For this we used the following approach
//build the ion trace
Statement statement = session.connection().createStatement()
for (int mass = 0; mass < mz.length; mass++) { if (mass >= beginMass && mass <= endMass) { if (intensity[mass] > 0) {
IonTrace trace = new IonTrace(ion: mz[mass], intensity: intensity[mass])
trace.spectra = spectra
statement.addBatch("insert into iontrace(id, intensity, ion, spectra_id) values (nextval('SEQ_TRACE'),${intensity[mass]},${(int)(mz[mass])},${spectra.id})")
}
}
}
statement.executeBatch()
which worked quite well. As a conclusion I removed the complete hibernate layer from this application, since we lost most of it's benefits by now.
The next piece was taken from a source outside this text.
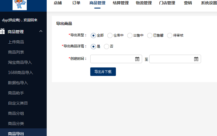 操作步驟:登錄供應商后臺——>商品管理——>商品導出 根據導出類型和創建時間對商品進行導出

To further optimize the insert speed we replace the Statements with PreparedStatements, which improves the speed of the insert by close to 50%.
LOG: duration: 0.035 ms statement: EXECUTE [PREPARE: insert into iontrace_127(id, intensity, ion, spectra_id) values (nextval('seq_trace'),$1,$2,$3)]
LOG: duration: 0.035 ms statement: EXECUTE [PREPARE: insert into iontrace_127(id, intensity, ion, spectra_id) values (nextval('seq_trace'),$1,$2,$3)]
LOG: duration: 0.035 ms statement: EXECUTE [PREPARE: insert into iontrace_127(id, intensity, ion, spectra_id) values (nextval('seq_trace'),$1,$2,$3)]
Storage
as you can imagine this amount of rows can take up quite some space. An initial estimate say it's roughly 20TB with the current table schema.
Which is 20 times more than the files occupy on the harddrive.
So what can you do to keep the storage space down
- use the smallest possible data types possible
- only index what is necessary to be index
- remove columns which are not necessary, like we don't need a primary key on the ion trace table
- estimate your possible amount of data stored in the database, like we won't store billions of spectra, so we can use integer instead of bigint
- store intensities as integer and not as double.
To estimate the required storage we used the following function, which roughly gives us storage capacity for 4 years of netcdf files.
netcdf-repository=# SELECT pg_size_pretty(pg_database_size('netcdf-repository')/(select count(*) from netcdf)* 40000) as "estimated database size";
estimated database size
-------------------------
16 TB
(1 row)
And a server for this would currently cost around 7000$
-END-